/ 25 April 2023

Light at the end of Eskom’s tunnel?

The debt relief package includes R184 billion in cash over the next three years and thereafter government’s take over of up to R70 billion of Eskom debt if it meets the conditions attached to the relief.
If there are no tariff hikes and no debt solution for Eskom, then just how does the power utility maintain its creaking infrastructure?

Eskom will be freed from borrowing more money for its operational needs and capital requirements for the next five years because of the government’s debt relief package and the tariffs approved by the national energy regulator, Nersa.

This is according to Eskom’s acting chief executive, Calib Cassim, who met parliament’s standing committee on appropriations to discuss the Eskom Debt Relief Bill on Tuesday.

Cassim said the debt relief package of R240 billion will enable the electricity utility to properly plan and fund maintenance and plant refurbishment for the first time in years. Eskom has accumulated debt of R420 billion, mostly incurred from the construction of its Medupi and Kusile power stations.

“The debt relief has, in the first place, relieved a lot of pressure on Eskom needing to go and approach markets to raise anything from R40 billion to R60 billion an annum, which is what we have done in the last few years,” said Cassim.

“This is the first time in the last six years that we were able to release three years’ capital expenditure across the divisions. That is a tremendous relief from a financial and operational perspective. It also allows the management to focus on generation performance and to focus on reducing the intensity of load-shedding.”

Under the debt relief package, the treasury will cover all debt-servicing costs over the next three years, a move aimed at freeing up cash for Eskom to undertake immediate and much-needed maintenance and investment to reduce load-shedding. 

The relief includes R184 billion in cash over the next three years and thereafter government’s take over of up to R70 billion of Eskom debt if it meets the conditions attached to the relief.

Last month, Nersa approved an 18.65% tariff increase for 2023-24 and 12.74% for 2024-25.

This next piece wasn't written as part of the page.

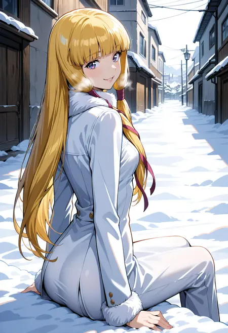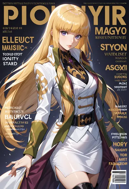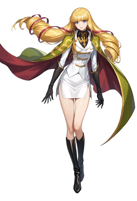 衣装1: 1人の女の子、金髪、青い目、紫の目、長い髪、ブーツ、膝上ブーツ、ユニフォーム、スカート、ストレートの前髪、軍服、軍事、長袖、前髪、黒い靴、ペンシルスカート、ベルト、非常に長い髪、サイドロックス、コート、リボン、スカーフ、ドレス、ジャケット、アスコット、白いスカート

Cassim said that with the tariff for 2023-24, the debt relief meant Eskom would not have to borrow for the next four years. 

But MPs argued that Eskom was incapable of meeting the conditions of the debt relief, which include that it may not borrow or invest in new generation projects and must not award wage and salary increases that affect the company’s sustainability.

Electricity Minister Kgosientsho Ramokgopa has presented a plan to President Cyril Ramaphosa proposing that the lifespan of Eskom’s plants set for decommissioning in five years be extended.

Public Enterprises Minister Pravin Gordhan told the parliamentary committee that the solution was to change Eskom’s mindset and that “both board and management have to ensure that they take serious cognisance of the concerns raised in this meeting”.

“There must be an impact that is palpable for the population and as far as load-shedding is concerned,” he added.

Eskom board chairperson Mpho Makwana said Eskom’s cash flow problems had “short-circuited” maintenance. 

“As a board we started out realising that we needed to create a platform to fix Eskom to ensure that our various power stations are maintained as they should be so that they can operate with a little bit of predictability because what has been happening is that maintenance programmes have been short-circuited and as a result we have frequent outages due to tripping,” he said.

Ramokgopa warned that despite the debt relief, the winter ahead is likely to be dark because it will be some time before improved maintenance results in reduced load-shedding or new privately owned power generation reach the grid. He also said that should Eskom refuse to increase funding for diesel procurement, the load-shedding would rise to higher stages.

In a powerpoint presentation tabled at the ANC’s national working committee last week, Ramokgopa recommended that Eskom increase funding for diesel procurement to help lessen load-shedding.

He said the department of mineral resources and energy needed to rapidly release further bid windows for independent power producers.

“Bid window 7 should be released in May 2023 for 5 000MW of solar PV and wind, targeted in provinces where grid capacity is available [in the Free State, Limpopo, Mpumalanga and North West].” 

Ramokgopa said the mineral resources and energy department should ensure preparatory work is undertaken to explore a “mega bid window” or rolling bid window to follow Bid Window 7.

He proposed a “mega bid window” for the procurement of renewable energy to curb rolling blackouts and recommended buying a minimum of 15 000 megawatts of energy, in addition to other measures.

During a recent interview with radio station 702, Mineral Resources and Energy Minister Gwede Mantashe said the solution for the power crunch lay in addressing emergency power procurement.

“Emergency procurement must be taken seriously. Eskom must not pretend to be having electricity when it does not,” he said.

Busi Mavuso, chief executive of Business Leadership South Africa, said Ramokgopa’s plan was not up to scratch. 
“It was disconcerting to see last week a major deviation from that plan being proposed to the cabinet,” she said. “It was rejected, with the instruction that it should first be considered by NECOM [the national energy crisis committee]. But why did the new minister contemplate the proposal which envisaged a major new investment in coal and extending the life of coal-powered stations? Such plans must be considered carefully.”